Le maire de Paris, Emmanuel Grégoire, a pris la décision de ne pas installer de fan zone pour la finale de la Ligue des champions prévue le 30 mai 2026, opposant le PSG à Arsenal. Cette information, révélée par l'AFP, provient de sources policières confirmant l'avis défavorable de la préfecture de police.
Dans un contexte où de nombreux supporters espéraient un espace de célébration collectif, cette décision a suscité de vives réactions. Grégoire a discuté de cette question avec le ministre de l'Intérieur, Laurent Nuñez, lors d'une réunion qui semble avoir pesé lourd dans la balance. Selon Le Parisien, le nouvel édile socialiste avait initialement envisagé d'organiser un lieu de retransmission gratuit, mais a finalement abandonné ce projet face aux préoccupations sécuritaires soulevées par la préfecture.
Des experts en sécurité et des responsables locaux évoquent le risque de débordements et d'incidents de foule, des préoccupations qui ne sont pas nouvelles.

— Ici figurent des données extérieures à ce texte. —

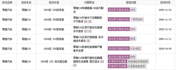 作为销量主力的C10车型,是朱江明主导下的核心产品之一,11月投诉指数突破113,累计销量2.1万辆的同时,问题覆盖售前诱导下单、交付延期超15天、售后轮胎偏磨等,部分车辆行驶4000公里即需换胎。2025年5月,陕西党先生购买零跑C10后,车辆在正常行驶中刹车时频繁“前窜”,于低速跟车或停车时无法平稳制动,反而向前冲撞,致使车内乘客多次因惯性前倾、险撞前车。党先生多次反馈,零跑售后仅归因于“软件兼容性问题”让升级系统,两次OTA升级后问题仍未改善,且未检测硬件,让车主发出“不敢让家人坐第二次”的感言。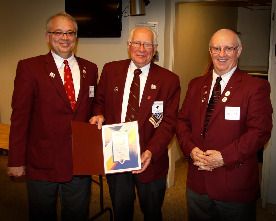 Gerry Melanson is presented with the 2016 Knight of the Year Award by Grand Knight Paul LeBlanc and Deputy Grand Knight, Gil Parent.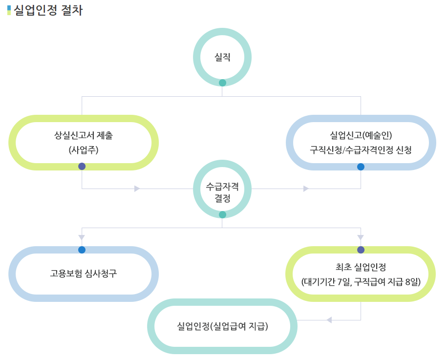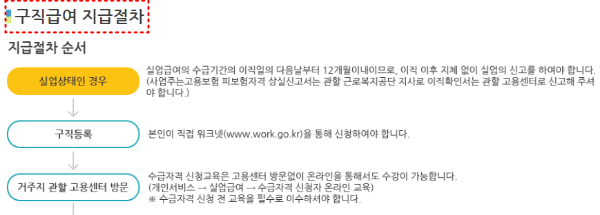 이후에는 실업급여 수급자격 신청을 위해 교육을 받고, 수급 자격이 인정이 되면 구직 급여를 신청하여, 구직활동을 하면서 실업급여를 주기적으로 지원 받을 수 있습니다.

En effet, quelques événements passés ont montré que des rassemblements importants peuvent parfois dégénérer, ce qui a conduit à une vigilance accrue de la part des autorités. Pour des villes telles que Paris, souvent en première ligne lors de grands événements sportifs, maintenir l'ordre public est une priorité.
Les supporters, eux, expriment leur frustration sur les réseaux sociaux, mettant en avant l'importance de pouvoir partager l'émotion du match tous ensemble. « Nous voulons vivre ces moments de joie et de fête avec nos amis et nos proches », déclare l'un d'eux sur Twitter.
Le débat est donc ouvert : ce choix du maire est-il dicté par une précaution nécessaire ou par une surcaution excessive ? Une chose est sûre : la passion du football fait partie du patrimoine culturel de Paris, et de nombreux fans espèrent trouver des moyens alternatifs pour vivre ce moment intense.